Here is the link to the post in full.  Below, I will dissect the post for you, and inform you on how I did.




I am not going to bury the lede.

The good guys are going to win this thing on Tuesday.  And, we will know that the good guys have won on Tuesday evening.  I am guessing that Obama will break the two-hundred and seventy electoral vote threshold at about a quarter after eight PM PST.

... With Nick C and my Wife as my witness, the networks called Ohio for Obama at 8:18 PM PST.  Ohio was the state that put Obama over the two-hundred and seventy electoral vote threshold and also had the bonus effect of making Karl Rove's head explode on national teevee ... 

All the shenanigans in Ohio and Florida, and the True the Vote douchewackets will not be able to steal this election for the GOP.  Women, all across this nation, are going to come out in full force on Tuesday and nail this thing down for Obama/Biden.

... Women made up fifty-four per cent of the 2012 OEE electorate, and went for Obama over Romney fifty-five to forty-four ... 

Here is what the map will look like.  Obama will win the Electoral College 332-206.

... I, and many others, including Nate Silver and kos, were one-hundred per cent right on this.  Obama won every state we said he would and the final electoral college vote was 332-206 ... 

Obama will win the National Popular vote fifty to forty-seven.

... According to kos, updated just two days ago, the current 2012 OEE popular vote stands at (rounding up) fifty-one to forty-seven, Obama over Romney ... 

Democrats will maintain control of the Senate, with a fifty-three to forty-six edge.  No one knows what that crazy guy in Maine is going to do, who he will caucus with, whatever, ...

... The crazy guy in Maine won, and no one still REALLY knows which party he will caucus with, but the new Senate line-up in January will be fifty-four D and forty-five R ...

Obama will still have to deal with an intransigent GOP House of Representatives, of which the GOP will have a majority of 238-197.  As much as I would like to see loony tunes Michele Bachmann ousted in Minnesota, I do not think it will happen.

... Bachmann won, but Allen West was defeated in Florida.  The new House will be 234 R and 201 D ... 

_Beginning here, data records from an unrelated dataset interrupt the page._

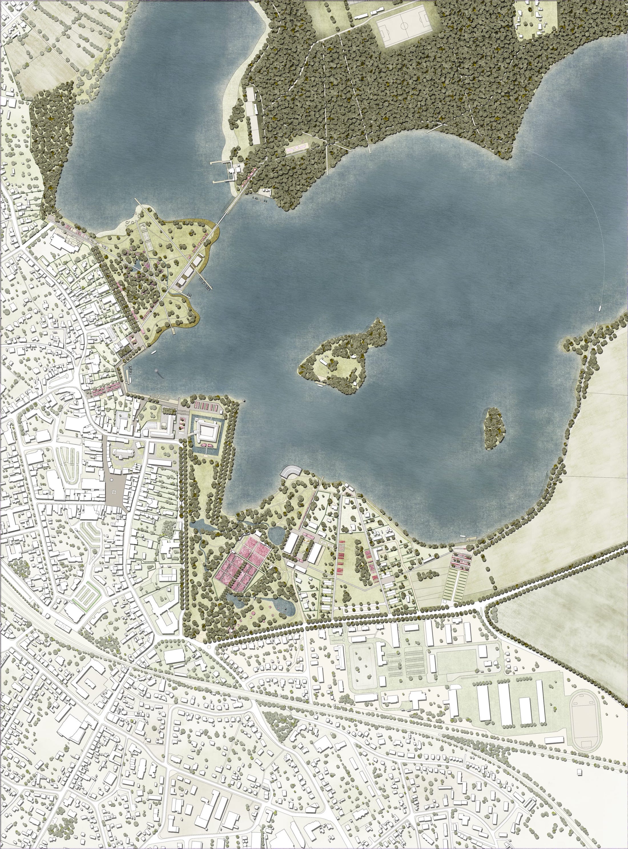 Eutin是一個(gè)該地區(qū)重要的住宅和商業(yè)區(qū)域,也是老城市中心,以磚木結(jié)構(gòu)建筑、古典建筑和巴洛克式的城堡為特色,坐落兩個(gè)風(fēng)景如畫的湖泊之間,即Großer Eutiner湖和Kleiner Eutiner湖。該地區(qū)位于荷爾斯泰因瑞士自然保護(hù)區(qū)內(nèi),是德國(guó)北部?jī)?nèi)陸地區(qū)最受歡迎的旅游目的地。盡管位置優(yōu)越,但除了歷史悠久的Schlossgarten (城堡花園)之外,湖岸未建的城市地區(qū)在設(shè)計(jì)或娛樂質(zhì)量方面卻鮮有建樹。水幾乎沒有得到考慮,沒有道路網(wǎng)絡(luò),更明顯的是,沒有家庭和年輕人真正的體育或娛樂機(jī)會(huì),受到地標(biāo)保護(hù)的Schlossgarten suf也因其使用需求過高而受損。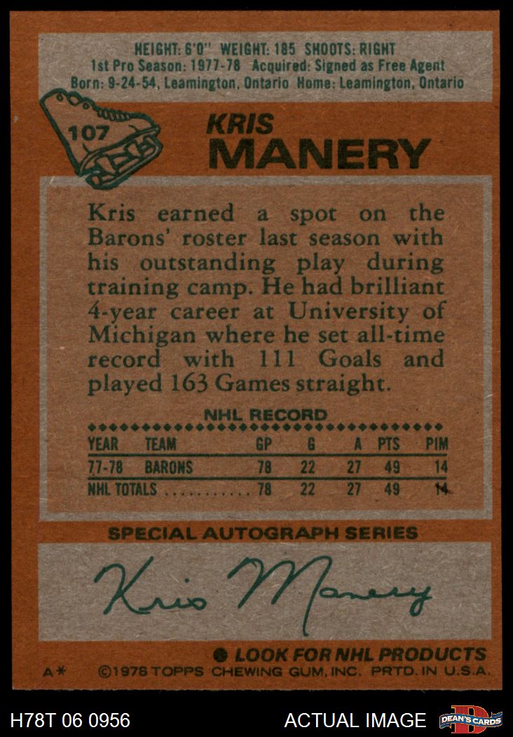 1978 Topps #107 Kris Manery 8 - NM/MT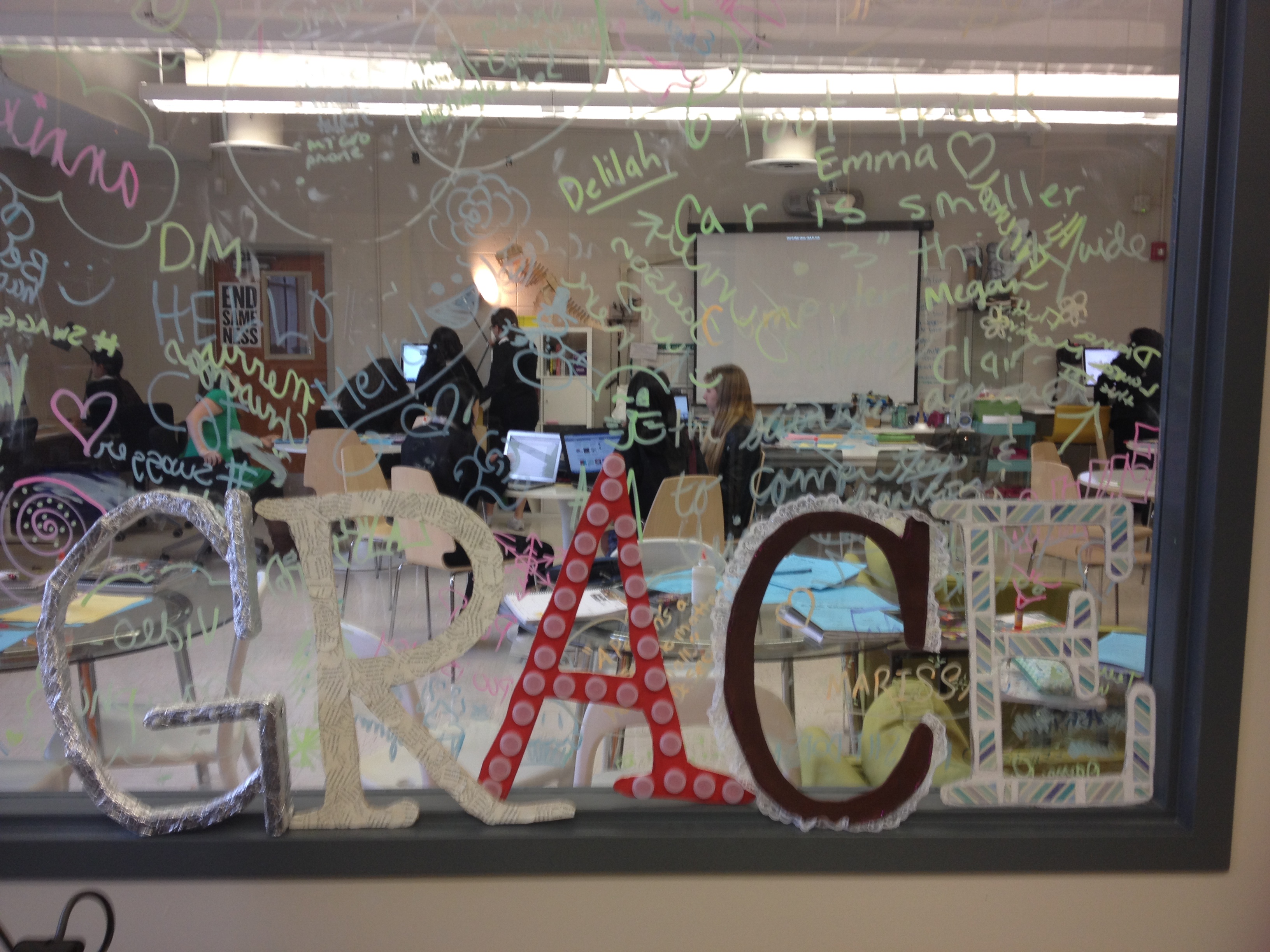 Hello, Karla Rodriguez here. For my blog post today I’m going to describe my experience working on the Materials module, or to be more exact, Challenge 2 of that module. Challenge 2 is called Constructed Signage and for this challenge me and my group (Lendy C. and Vanessa M.) had to make a word out of up-cycled materials. (For those who don’t know Up-Cycling means to reuse discarded objects or material in such a way as to create a product of a higher quality or value than the original.) Specifically a character trait of our school Ann Richards. We thought for a long time and came up with the word graceful but since it was too long a word we shortened it to grace.

Claire McCaskill will defeat Todd Akin; Professor -- boy, did that strategy backfire -- Elizabeth Warren will become Senator Warren; Joe Donnelly will defeat Dick Mourdock; Tester will win in Montana; Kaine will win in Virginia; Heitkamp will lose in North Dakota; and Tammy Baldwin will win in Wisconsin.

... I was right about every single one of these predictions except for Heidi Heitkamp in North Dakota.  AND, right around the time I wrote this post, days before the election, I had a dream that Ms Heitkamp was at my store with her husband, and I commiserated with her about losing the election.  In the dream she was very upset with me and stormed off.  So there is that ... 

And, Joe Walsh will be thrown out on his ear, and will become a whackjob Fox News contributor.

... Joe Walsh WAS thrown out on his ear, but there is no news on whether Fox News has hired him yet ...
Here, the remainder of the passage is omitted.